Add your name and any contact details to your comment if you want.  Otherwise it will be anonymous.


+1 # Joan Robertson 2017-03-06 13:45
There isn't the option for Tom to sit this out and endure.
I think HR manager will support Trudie. It's a myth they support employees.
No point in raising with Trudie again. Won't change anything!
I don't think he should grow some either!
# Simon McCall 2017-03-06 16:35
Understand what you say above .... but what is Tom meant to do then? It wasn't one of the options, but maybe he should start by talking to a friend.
Be helpful to know what others think.
+1 # Lise Seager 2017-03-06 16:48
When I was in a similar situation to Tom I looked for another job and got out before it made me really ill and I stopped functioning completely - there was no point in trying to talk to anyone to make it better - it wasn't going to get better.
+2 # Elizabeth Rimmer 2017-03-07 14:38
Bullying is a real issue, and causes mental and emotional distress. It can help to talk to someone objective outside the firm. You can call the LawCare Helpline 0800 279 6888 for free, independent and confidential support, or visit
# Lise Seager 2017-03-08 16:40
I didn't know about LawCare - the website is well worth a visit - good to know it's there. Tom might want to call them?
# Lise Seager 2017-03-08 17:13
I'd be curious to know how the conversation might go and the sort of things they would ask.
# Mac Mackay 2017-05-27 12:31
As an employer (not a lawyer) I understand that Bullying (as defined in the Equality Act 2010) may be characterised as:
"Offensive, intimidating, malicious or insulting behaviour, an abuse or misuse of power through means that undermine, humiliate, denigrate or injure the recipient.

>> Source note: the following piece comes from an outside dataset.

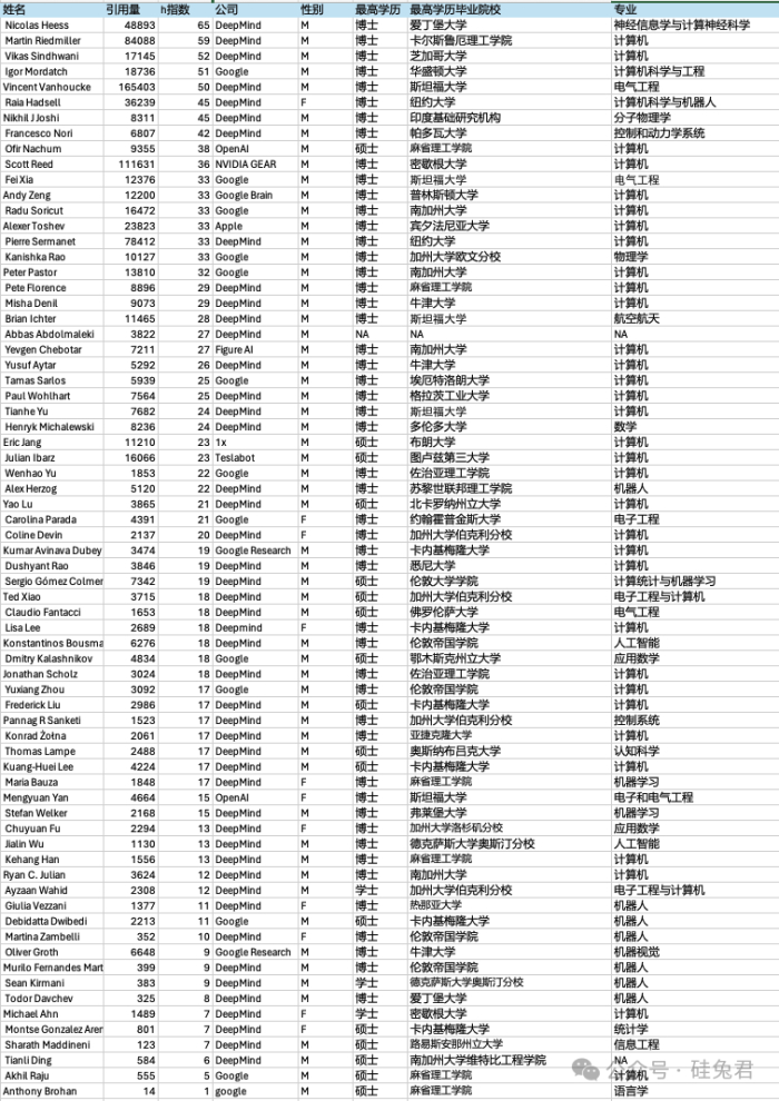硅兔尝试梳理了美国大公司,两个AI黄浦军校——谷歌和英伟达的具身智能人才图谱以及在其中的华裔大佬,或许能为希望在其中进行创业或投资的读者提供按图索骥的参考。
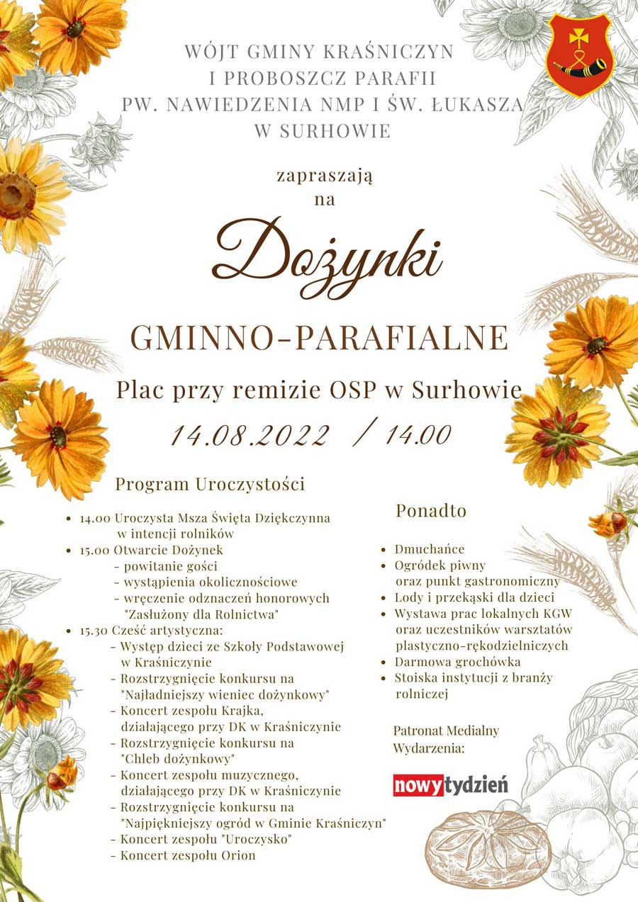 Również 14 sierpnia, o godz. 14.00 rozpoczną się dożynki w gminie Kraśniczyn. Rolnicy z tej gminy będą świętować w Surhowie przy remizie Ochotniczej Straży Pożarnej (program dożynek na plakacie). Wydarzenie odbędzie się pod patronatem Nowego Tygodnia.

ACAS advise individuals to consider:
● Has there been a change of management or organisational style to which
you just need time to adjust – perhaps because you have a new manager
or work requirements?
● Is there an organisational statement of standards of behaviour that you can
● Can you talk over your worries with your personnel manager, your line
manager/supervisor, union representative or colleagues, who you may find
share your concerns?
● Can you agree changes to workload or ways of working that will make it
easier for you to cope?
FSS managers need some training: Tom could seek legal redress for the bullying!